> _EXERCISE OBJECTIVE_: Print what the records say exactly, and omit the pictures.

Start of DATA EXTRACTS

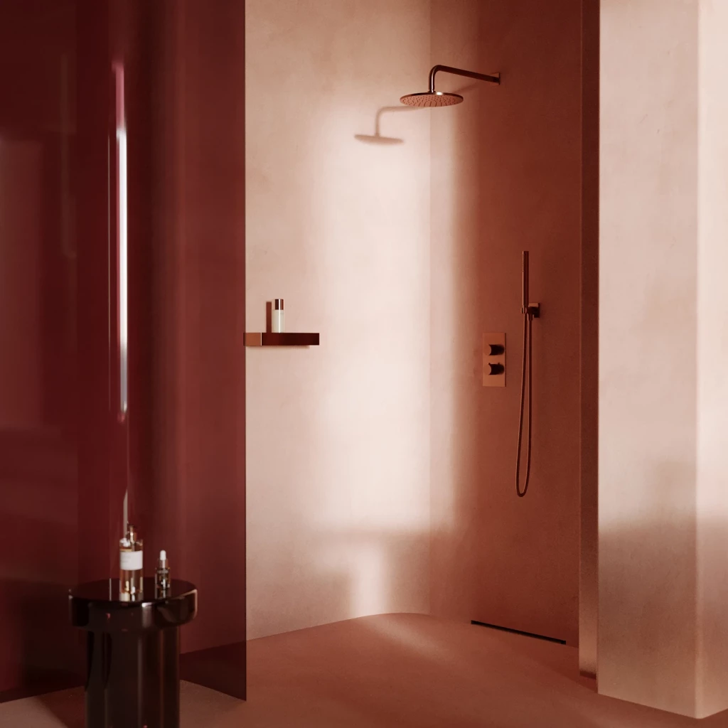 - mosadzné sprchové rameno (RA01C/KCPB), prípojka vody: 1/2", pripojenie dažďovej sprchy: 1/2"
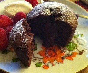 Since I was feeling ambitious, I also made dessert – molten chocolate cake – courtesy of another recipe I picked up during my cooking course at Ashburton. It’s a pretty straightforward recipe; the toughest part is nailing the cooking time. It can vary by several minutes depending on your oven, so it may take some trial and error. Don’t worry if you miss the mark the first time around and overcook them a bit – the result will be more cake and less molten, but it will still taste great.
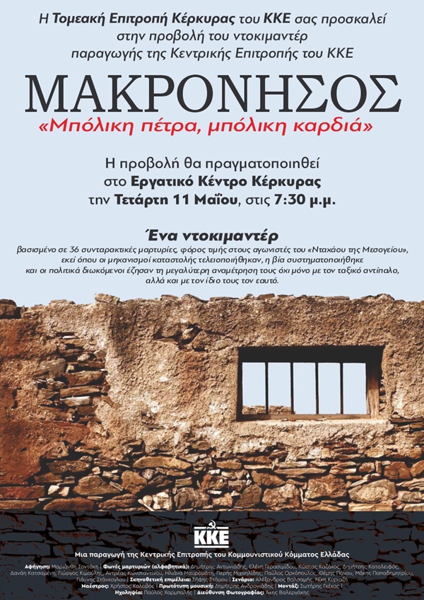 Η Τομεακή Επιτροπή Κέρκυρας του ΚΚΕ πραγματοποιεί εκδηλώσεις – προβολές του ντοκιμαντέρ: ΜΑΚΡΟΝΗΣΟΣ, «Μπόλικη πέτρα, μπόλικη καρδιά».
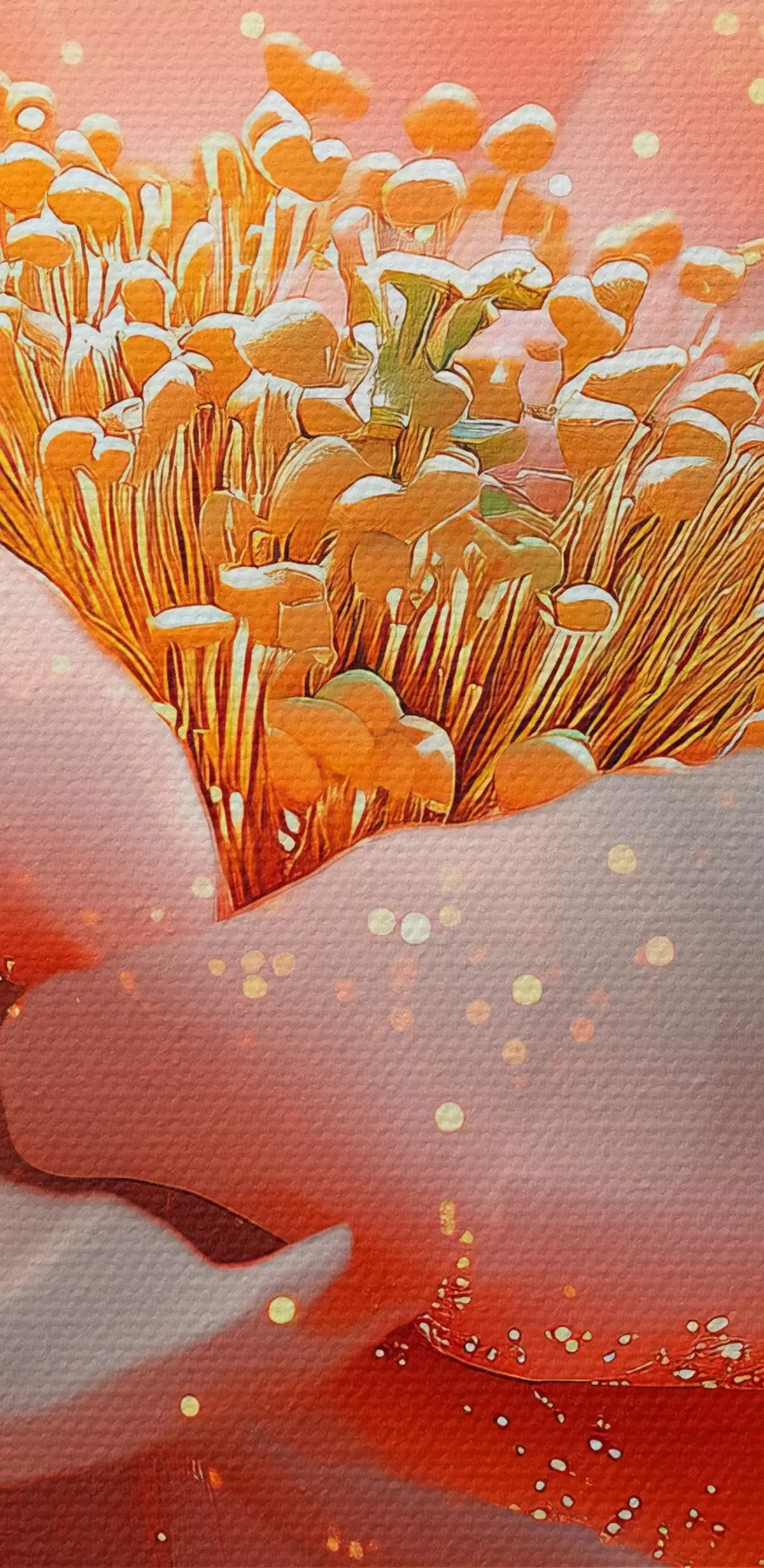 Het schilderij kan direct na ontvangst worden opgehangen. Het schilderij wordt opgespannen op een 2 cm breed houten spieraam.
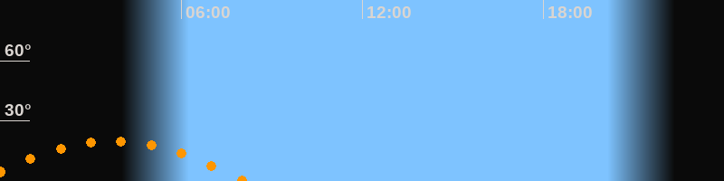| Aufgang | 23:18 Uhr im Südosten (αAz = 120,6°) |

End of DATA EXTRACTS

> _RESULT BELOW_:
 - mosadzné sprchové rameno (RA01C/KCPB), prípojka vody: 1/2", pripojenie dažďovej sprchy: 1/2"
 Since I was feeling ambitious, I also made dessert – molten chocolate cake – courtesy of another recipe I picked up during my cooking course at Ashburton. It’s a pretty straightforward recipe; the toughest part is nailing the cooking time. It can vary by several minutes depending on your oven, so it may take some trial and error. Don’t worry if you miss the mark the first time around and overcook them a bit – the result will be more cake and less molten, but it will still taste great.
 Η Τομεακή Επιτροπή Κέρκυρας του ΚΚΕ πραγματοποιεί εκδηλώσεις – προβολές του ντοκιμαντέρ: ΜΑΚΡΟΝΗΣΟΣ, «Μπόλικη πέτρα, μπόλικη καρδιά».
 Het schilderij kan direct na ontvangst worden opgehangen. Het schilderij wordt opgespannen op een 2 cm breed houten spieraam.
| Aufgang | 23:18 Uhr im Südosten (αAz = 120,6°) |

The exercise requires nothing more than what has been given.